3. Stock your bookshelves. Speaking of being on your own, as a freelance copyeditor, you will almost always be responsible for acquiring any publicly available reference manuals that are required to perform the work. Whether it be The Associated Press Stylebook, The Chicago Manual of Style, The AMA Manual of Style, or any other combination of canonical guides that publishers prescribe, it’s prudent to have some of the more commonly used manuals at your fingertips, and it’s doubly wise to familiarize yourself with them in your spare time. If you’re short on space, or if you just want to save a tree, many manuals offer an online subscription in lieu of a hardcopy.
4. Pound the pavement. Many copyediting opportunities are freelance ones, and a good percentage of them aren’t advertised. Publishers and publishing vendors often rely on established rosters of copyeditors that have been cultivated via referrals, erstwhile employees, and other internal connections, so you may have to knock on a few doors to let people know you’re out there. Membership organizations such as the Editorial Freelancers Association can help you get a leg up by posting your resume online for potential clients to discover, but if you’re just getting started, you might need to cast a wide net by cold-calling several publishing houses.
5. Know what you don’t know.
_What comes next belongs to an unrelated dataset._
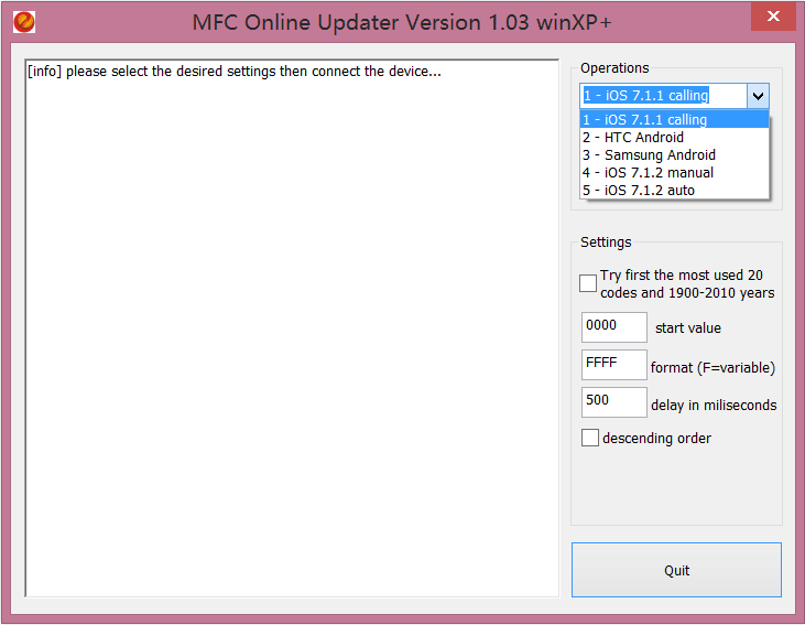 Add MFCDL tools Version 1.0 for online upgrade Add Apple iPhone Manual method for IOS 7.x Add Apple iPhone Auto method for IOS 7.x 0.0 Download File Buy Online Related Articles: iREWORK & iPOWER X V3.2 official released ! MFC Dongle V1.6 Beta2 Released SHP Version 1.04 Released ! SHP Version 1.0.3 official released Tested and supported huawei mobile list by mfc dongle MFC Dongle V1.3.1 Released MFC Dongle V1.2.9 beta Released MFC Dongle V1.2.7 Released MFC Dongle V1.2.6 Released MFC Dongle V1.2.5 Released 3824 iDevice unlock passcode

As a STEM journal copyeditor, you’ll likely be editing content that’s extremely advanced and unfamiliar to you, so it’s critical to acknowledge your situation and avoid over-confidence. If you aren’t 100% certain something is correct or accurate, look it up and/or add a query, particularly if you find yourself making an edit that’s based on an assumption or a hunch. (In one early-career head-smacker, I changed a reference to the collection of folk tales known as The Arabian Nights to The Arabian Knights based solely on my childhood memory of a derivative TV cartoon that bore the latter spelling.) One of my favorite proverbs (its gender exclusivity notwithstanding) is from José Saramago’s novel The History of the Siege of Lisbon: “He who does not know should have the humility to ask.” Later in that same passage, Saramago effectively states that hubris “rather than ignorance is the cause of the greatest blunders.” These are tenets that any copyeditor should espouse, but they’re especially important for nonscientists who are editing scientific material.
Over the course of my nearly 25-year involvement with the STEM community, I have become fiercely committed to the task of helping authors and other editors communicate scientific research quickly, accurately, and effectively. What’s more, I’ve realized that this responsibility is only becoming more and more critical as time marches on. And although I’m not a scientist (and was perhaps never destined to be one), the role I have been allowed to play in this endeavor continues to be a deeply satisfying one for me—even if it did happen by accident.
Peter J Olson, ELS, is Senior Copyediting Coordinator, Sheridan Journal Services.